With the final set of 8 BACs (Table 2), the SDA-M was set up for the study using the QSplit software version 1.6 (Bielefeld University, Neurocognition and Action Group) that contains all functions and algorithms needed for data analysis.
To determine distances between BACs, a splitting task is used followed by mathematical statistical procedures on the obtained data (Lander 1991; Schack 2012). In the splitting task, for each possible combination of two BACs, participants must decide whether two given BACs are related during movement execution or not (for more details on the splitting procedure, see Procedure). The starting point for all further analysis is the Z-transformation of this decision data (related/not related) for each BAC into a Z-matrix, which opens up two analysis options: (1) obtaining and visualizing the representation structure via hierarchical cluster analysis (CA), and (2) statistically comparing obtained cluster solutions by determining their invariance (Schack 2012).
(1) To obtain and visualize the hierarchical representation structure the Z-matrix is transformed into a Euclidian distance (d) matrix and hierarchical cluster analysis (CA) is performed. The result of the CA is a dendrogram showing individually build clusters of BACs and the Euclidian distances (d) as hierarchical order criterion. All intersections that are below the critical d-value (d_krit_) (based on the selected α) are statistically clustered in the individual representation. Individual cluster solutions (dendrograms) can also be summed up to form a group structure.

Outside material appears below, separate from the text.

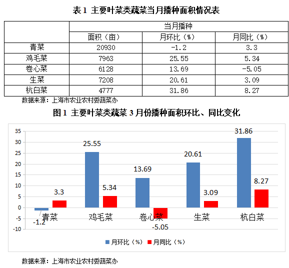 . 上海3月全市平均气温偏高、降水量偏少但雨日略多、日照时数偏少。上旬以阴雨天气为主,中旬有3次较明显降水过程,多阴雨、少日照不利于蔬菜生长。下旬多晴好天气,降水偏少,日照丰富,有利于作物生长。3月份上海市郊区蔬菜总上市量为158239吨,环比增加14.26%,同比增加5.25%;其中绿叶菜上市量105350吨,环比增加20.39%,同比增加11.48%。
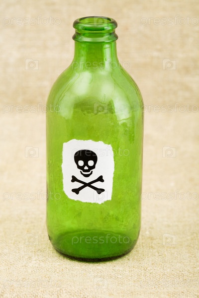Зеленая бутылка с наклейкой череп и крестовые кости на сакинге

(2) The comparison of individual representation structures is based on invariance analysis (between two cluster solutions/dendrograms), which can be performed using an invariance measure (λ) that reflects the pairwise congruencies between two cluster solutions (Lander 1991; Schack 2012).
Procedure
Before participation, written informed consent was obtained from all participants. To assess the perceived functional status in the two post-surgery groups before testing either the short version of the Knee Injury and Osteoarthritis Outcome (KOOS, JR.) or the Hip Injury and Osteoarthritis Outcome (HOOS, JR.) was administered to the TKA and THA group. The KOOS, JR. is a seven-item patient-reported outcome measure (PROM) representing “knee health” as a one-dimensional construct (Lyman et al. 2016a). The HOOS, JR. consists of six items representing the dimension “hip health” (Lyman et al. 2016b). The patient-reported outcome measures (PROMs) were used to control for similarity of perceived rehabilitation status among both groups. Since the total score of each questionnaire is translated into a scale from 0 to 100% function, their scores are directly comparable.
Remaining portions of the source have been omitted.